As the boundaries between storage and computing become increasingly blurred, the transformation from Data to Knowledge becomes more direct, and the relationship between security and efficiency is also re-examined. What we see is not only technological progress, it is also a change in the way intelligence itself exists. The new era of storage is exactly AI truly become the cornerstone of general intelligence. On this road, every architecture innovation, every protocol optimization, and every security enhancement are the basis for building richer, more flexible, and more reliable memory and thinking for machine intelligence.

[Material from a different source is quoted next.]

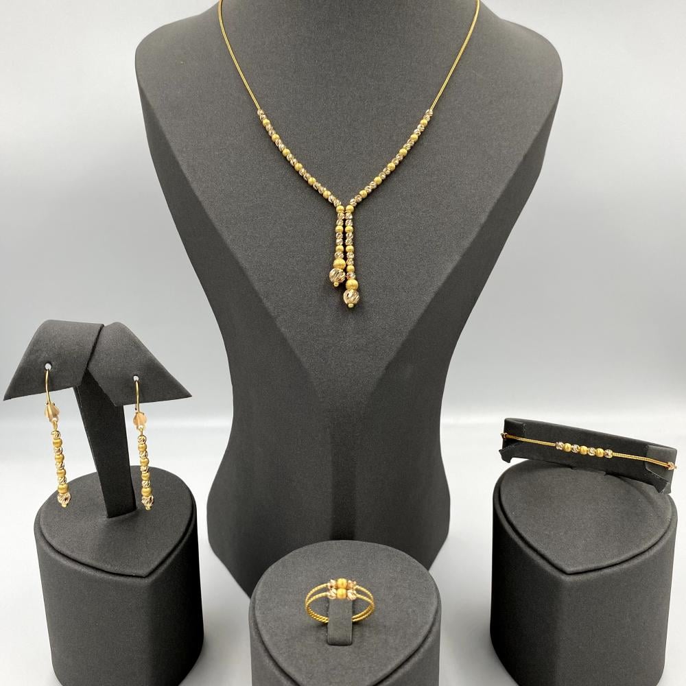 هذا الطقم الفاخر مصنوع من ذهب عيار 21 وبوزن إجمالي يبلغ 17.8 جرام. يتميز بتصميمه الراقي الذي يضفي لمسة من الفخامة على إطلالتك، مما يجعله مثاليًا للمناسبات الخاصة والاحتفالات.

This invisible revolution is quietly taking place in global laboratories and data centers. Its influence will far exceed the scope of technology and reshape every corner from scientific research to commercial innovation. The only certainty is that those organizations that first understood and embraced this change will AI the times have an irreplaceable competitive advantage. Storage is not only a place to store historical data, but also a soil for future intelligence.

 

Replies(
Sort By   
Reply
Reply
Post
Post title
Industry classification
Scene classification
Post source
Send Language Version
You can switch languages and verify the correctness of the translation in your personal center.
Contribute
Name
Nickname
Phone
Email
Article title
Industry
Field

Submission successful

We sincerely appreciate your fantastic submission! Our editorial team is working diligently on the review process—please stay tuned.

Should there be any revision suggestions, we'll promptly reach out to discuss them with you!

Contribute
Article title
Article category
Send Language Version
You can switch languages and verify the correctness of the translation in your personal center.